CB: With regards to the musical materials, it is incredible how you can accomplish such memorable and simple motives like that one that starts “Rituales Amerindios.” How do you find such a subtle balance between complex elements (of which there is a lot in your work as well) and simple elements? Do you have a constant quest to find something memorable and transcendent?
EB: If I said I’m on a constant quest to create something memorable and transcendent it would sound too pretentious. How does one find that?
I thank you for your point of view about my music, and it is very difficult to describe with words what I do with my music in a very intuitive way.
When I compose I like to create themes that can be melodic or rhythmic motives which pop up in my music like characters that come in and out of a musical scenery. My music is very pictorial, as if it was about sonic sceneries that serve as a background to those characters which at different moments reappear with variations, thus giving unity to the work.
Rituales amerindios is a symphonic “mural” (a large painting that has been painted onto a wall, like a fresco) which is loaded with simple and recognizable elements that call your attention, on top of complex textures that serve as background.
CB: Rhythmic force, evocations to nature, moments of a very beautiful lyricism are a very natural part of “Rituales Amerindios” (and maybe a signature of you as a composer). Have you looked for inspiration in the concept of a neo-nationalism or a sort of imaginary folklore, to call it by some name? (I personally imagine that Alberto Ginastera would have liked your music very much)
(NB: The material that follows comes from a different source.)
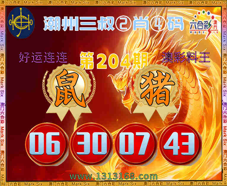 204期:【潮州三叔】 🐁②肖④码🐁【猪】【06.30.07.43】开:鼠30

EB: I thank you for your comment.
I also love sounds of nature, the singing of imaginary birds, the sounds of mineral elements, vegetables, woods, water ambiences, the fauna: “Rituales Amerindios” is also a chant to nature in the Americas.
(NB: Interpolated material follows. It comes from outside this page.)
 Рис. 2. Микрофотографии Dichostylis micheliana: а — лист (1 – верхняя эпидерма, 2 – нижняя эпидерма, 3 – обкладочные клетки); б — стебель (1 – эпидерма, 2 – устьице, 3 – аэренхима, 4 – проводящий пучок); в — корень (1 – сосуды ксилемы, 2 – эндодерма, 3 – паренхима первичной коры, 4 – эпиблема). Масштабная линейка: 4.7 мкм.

CB: Esteban, I thank you so very much for your time and wonderful answers. We are truly honored to share your beautiful music with your audience.
EB: I am the one who is grateful, to count on performers as enthusiastic as you who bring life to my music. The work that you are doing with the UC Davis Symphony Orchestra making so much music of our time known through your concerts is truly remarkable.
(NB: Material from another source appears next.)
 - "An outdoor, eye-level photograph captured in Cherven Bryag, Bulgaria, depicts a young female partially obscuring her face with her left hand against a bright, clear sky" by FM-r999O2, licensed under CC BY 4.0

Argentinean composer born in 1970. Esteban Benzecry is one of South America’s most renowned young composers. His music is programmed by the world’s leading conductors, performing organisations and festivals. Interpreters and commissions include the Carnegie Hall, New York Philharmonic, Los Angeles Philharmonic, Royal Concertgebouw Orchestra, Atlanta Symphony, Seattle Symphony, Fort Worth Symphony, Gothenburg Symphony, Hamburg Philharmoniker Orchester, Deutsche Radio Philharmonie, Sydney Symphony, Helsinki Philharmonic, Tampere Philharmonic, Stavanger Symfoniorkester, Orchestre National de France, Orchestre Philharmonique de Radio France, Orquestra Gulbenkian, Orquesta Nacional de España, ORCAM Orquesta y Coro de la Comunidad de Madrid, Orquesta Sinfonica de RTVE. His most recent works attempt a fusion between rhythms with Latin American roots and the diverse aesthetic currents of European contemporary music creating, a personal language, an imaginary folklore. Benzecry lives in Paris since 1997.